Market rises for 9th consecutive trading session 

Many experts were expecting the local market to advance sharply after India and the US reported a sharp dip in consumer inflation for March.  
Image used for representational purpose only. (File photo | EPS)
Image used for representational purpose only. (File photo | EPS)

NEW DELHI: Domestic equity market’s 9-consecutive days winning run is the longest since October 2020 but a poor earning show by IT majors may soon break the rally. Add to it, global markets may see increased volatility after the FOMC minutes hinted at a possible “mild recession”.

The BSE Sensex on Thursday ended at 60,431, up by 38.23 points while Nifty50 closed at 17,828, up by 15.60 points. In the past nine sessions, Sensex has gained about 2,800 points while the Nifty50 has surged about 870 points.

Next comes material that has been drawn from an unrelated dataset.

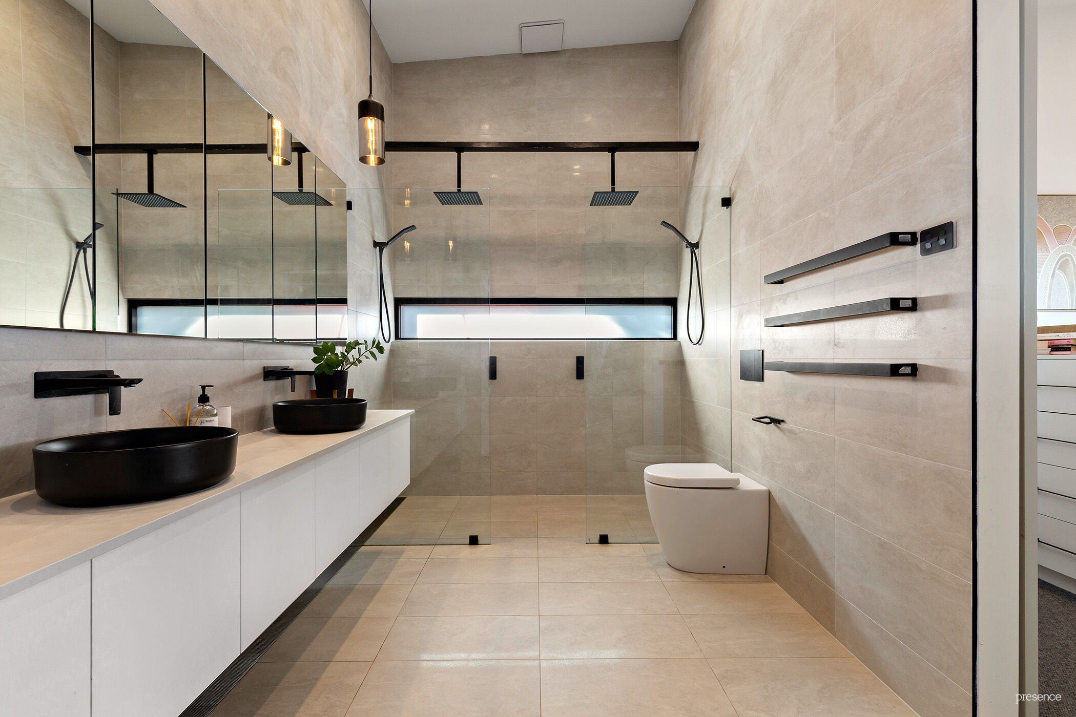 – Integrated sound system, commercial grade windows, zoned ducted air conditioning, modern ceiling fans, custom window fittings

Vinod Nair, head of Research at Geojit Financial Services, said shares experienced a downturn on Thursday, weighed down by IT stocks following weak quarterly earnings and a cautious outlook from the top IT firm, which flagged apprehensions over deferred spending and uncertainty in its BFSI segment.

Shares of TCS fell 1.60% on Thursday while Infosys plummeted nearly 3%. HCL and Tech Mahindra plunged by 2% while Wipro dipped by over 1%. It was due to buying in select heavyweights, especially from the banking pack trimmed the initial losses and helped Sensex and Nifty- to close with minor gains.

Many experts were expecting the local market to advance sharply after India and the US reported a sharp dip in consumer inflation for March. However, this did not happen.  

“The decrease in CPI inflation to 5.66% in India, coupled with the moderation of core inflation, supports the decision of the MPC to keep policy rates on hold. While US inflation cooled to 5.0%, anxieties grew globally after the FOMC minutes hinted at a possible “mild recession” due to the impact of banking turmoil,” added Nair.

Shrikant Chouhan, Head of Equity Research (Retail), Kotak Securities, said that the sharp intra-day gyration of Thursday shows that the rally could be losing steam given the continuous upward movement over the past week or so.